Work order: Omit all images, then repeat exactly the lines below from the one containing "Une thiénodiazépine est" through the one containing "Het achterlicht heeft", both ends included.

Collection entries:
########

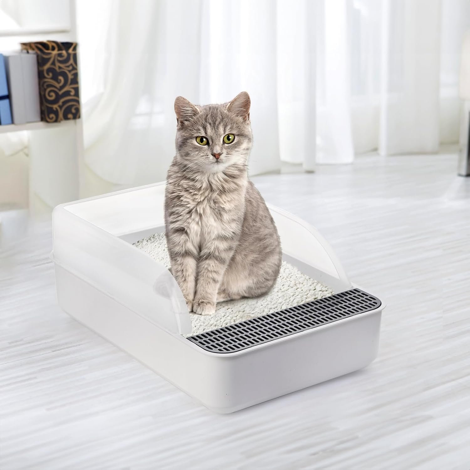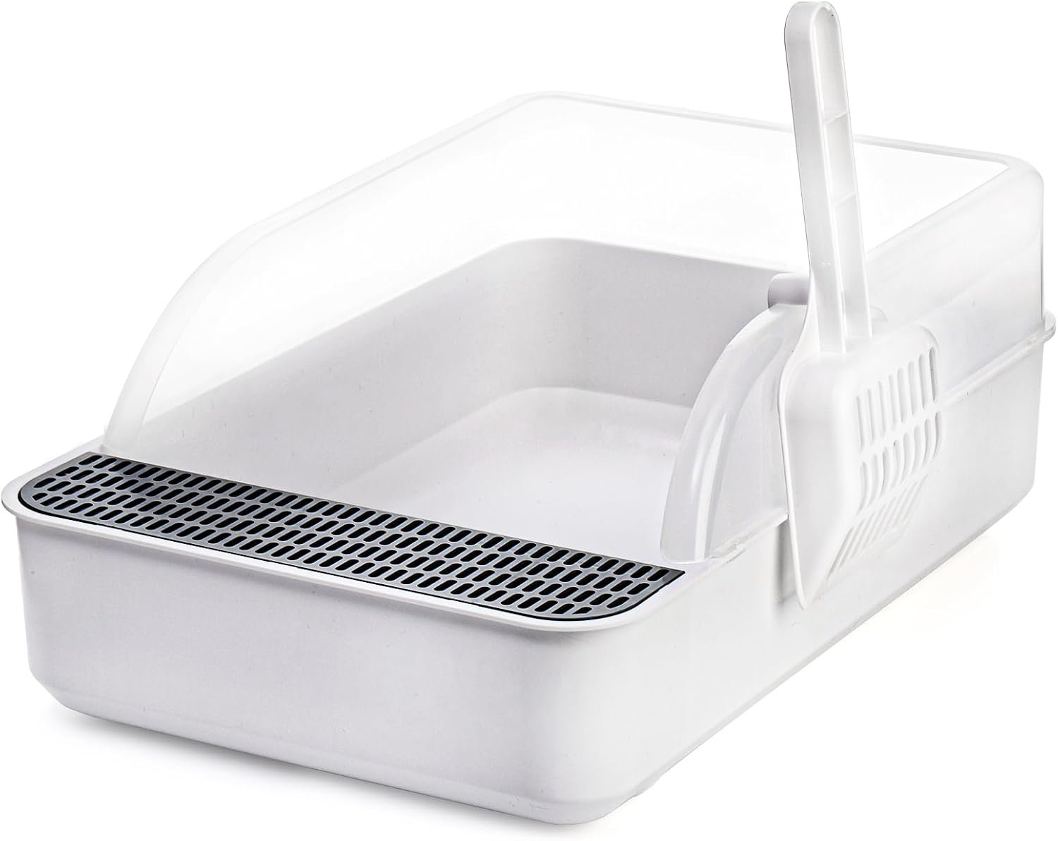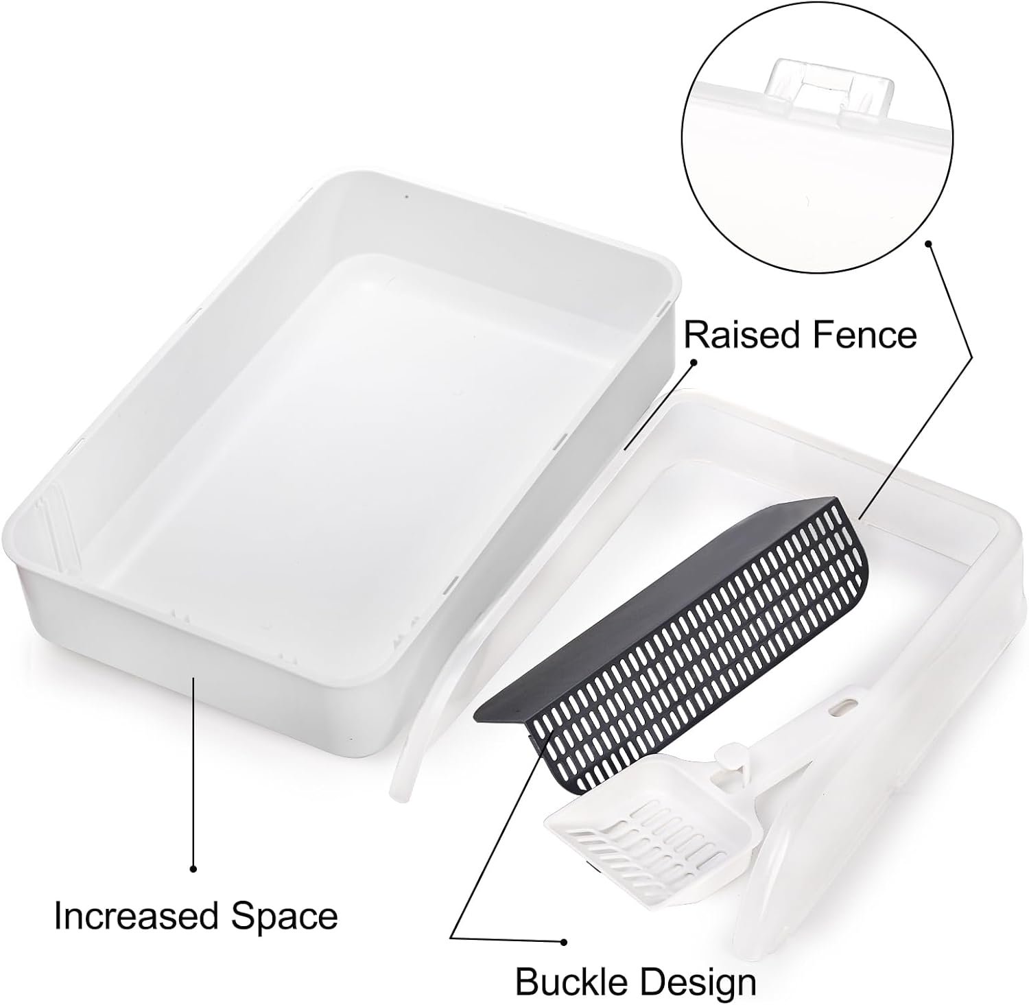 Lawei Open Top Cat Litter Box with High Side, Anti-Splashing Cats Litter Pan with with Litter Sifting Scoop
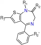 Une thiénodiazépine est un composé chimique hétérocyclique contenant un noyau diazépine lié à un noyau thiophène.
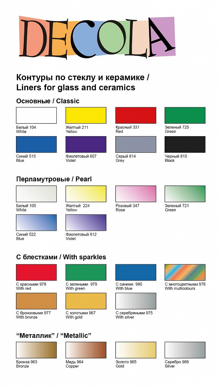 Они идеально подходят для использования с красками для стекла и керамики «Decola» и витражными красками. Также применяются в технике витражной росписи для:
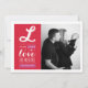 Con el foco principal en la tipografía festiva, esta tarjeta de San Valentín de fotos desea un feliz San Valentín en una frase inteligente, "L es para mucho amor este San Valentín", inspirada en la canción L-O-V-E de Nat King Cole.
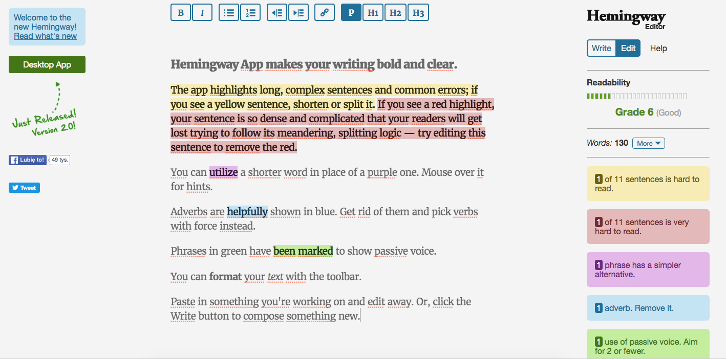 1. Hemingway App – aplikacja, która pokaże Ci, które zdania w Twoim tekście wymagają doszlifowania, np. są za długie.
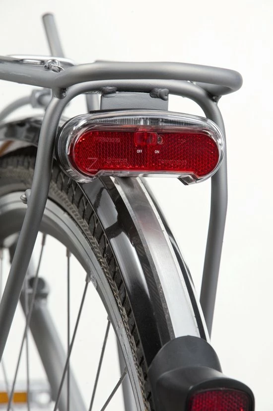 Het achterlicht heeft een makkelijk te bedienen aan/uit schakelaar. Wanneer de (meegeleverde) 2 AAA batterijen bijna op zijn, geeft het achterlicht dit aan. Hierdoor ben je altijd op tijd met vervangen en kun je weer veilig de weg op.
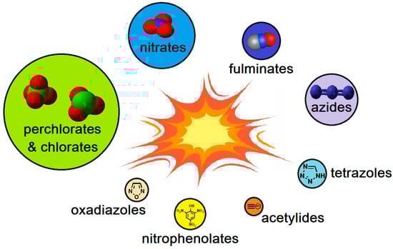 The fascination with fire and explosions appears to be inherent in human nature. Its origins are not fully recognized, but many historians and psychologists agree that it developed over a span from 1 million to about 300,000 years ago, when humans integrated fire as a consistent element of their lives []. In addition to their practical uses in the military, mining, explosive demolition, etc., explosives have been applied in entertainment (primarily as fireworks) and in criminal and/or terrorist activities. These latter three are the most common reasons for preparing explosives in a home setting. Homemade explosives (HMEs) are explosives produced by non-authorized and/or non-professional individuals. HME production significantly impacts the security and stability of many regions. Besides the obvious threats of terrorism and crime, the preparation and use of HME lead to numerous severe injuries among “homegrown producers” and cause serious damage to property and material goods. Despite these clear dangers, combined with the illegality of HME preparation and ongoing legal restrictions, the unauthorized production of explosives has grown rapidly in recent years [].

########

Task solution:
 Une thiénodiazépine est un composé chimique hétérocyclique contenant un noyau diazépine lié à un noyau thiophène.
 Они идеально подходят для использования с красками для стекла и керамики «Decola» и витражными красками. Также применяются в технике витражной росписи для:
 Con el foco principal en la tipografía festiva, esta tarjeta de San Valentín de fotos desea un feliz San Valentín en una frase inteligente, "L es para mucho amor este San Valentín", inspirada en la canción L-O-V-E de Nat King Cole.
 1. Hemingway App – aplikacja, która pokaże Ci, które zdania w Twoim tekście wymagają doszlifowania, np. są za długie.
 Het achterlicht heeft een makkelijk te bedienen aan/uit schakelaar. Wanneer de (meegeleverde) 2 AAA batterijen bijna op zijn, geeft het achterlicht dit aan. Hierdoor ben je altijd op tijd met vervangen en kun je weer veilig de weg op.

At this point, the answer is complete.